» **Task instructions**:
Print the listing exactly as it stands. Skip every picture.

:: Data segment

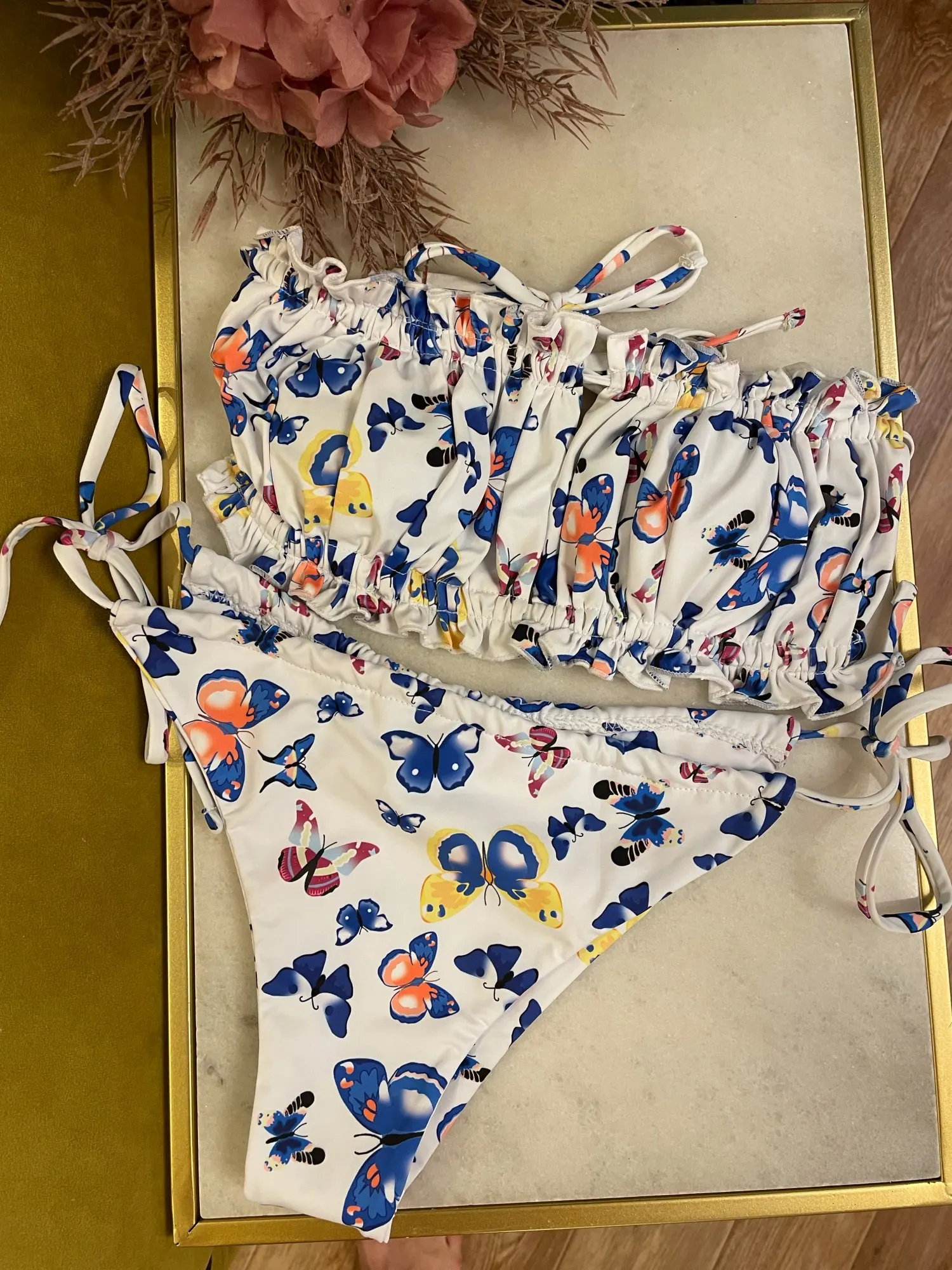 Sexy Imprimé Papillon Bandeau À Pois Bikini Maillot De Bain Maillot De Bain Pour Femme Femmes Deux pièces Ensemble Bikini baigneur Maillot V1242B
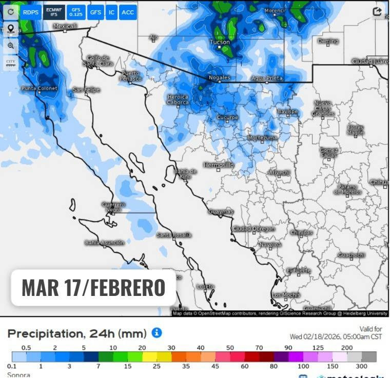 Finalmente, se prevé un aumento en las temperaturas máximas para el próximo fin de semana, con tardes cálidas donde se proyectan valores de 30 °C a 35 °C en la región centro y sur del estado de Sonora.
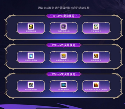当角色成长等级突破30级时,可兑换「领域征服者武器装扮」;达到50级解锁「幻影光环特效」;满级60级领取「希洛克使徒宠物蛋」

::::

» **Answer to the problem**:
 Sexy Imprimé Papillon Bandeau À Pois Bikini Maillot De Bain Maillot De Bain Pour Femme Femmes Deux pièces Ensemble Bikini baigneur Maillot V1242B
 Finalmente, se prevé un aumento en las temperaturas máximas para el próximo fin de semana, con tardes cálidas donde se proyectan valores de 30 °C a 35 °C en la región centro y sur del estado de Sonora.
当角色成长等级突破30级时,可兑换「领域征服者武器装扮」;达到50级解锁「幻影光环特效」;满级60级领取「希洛克使徒宠物蛋」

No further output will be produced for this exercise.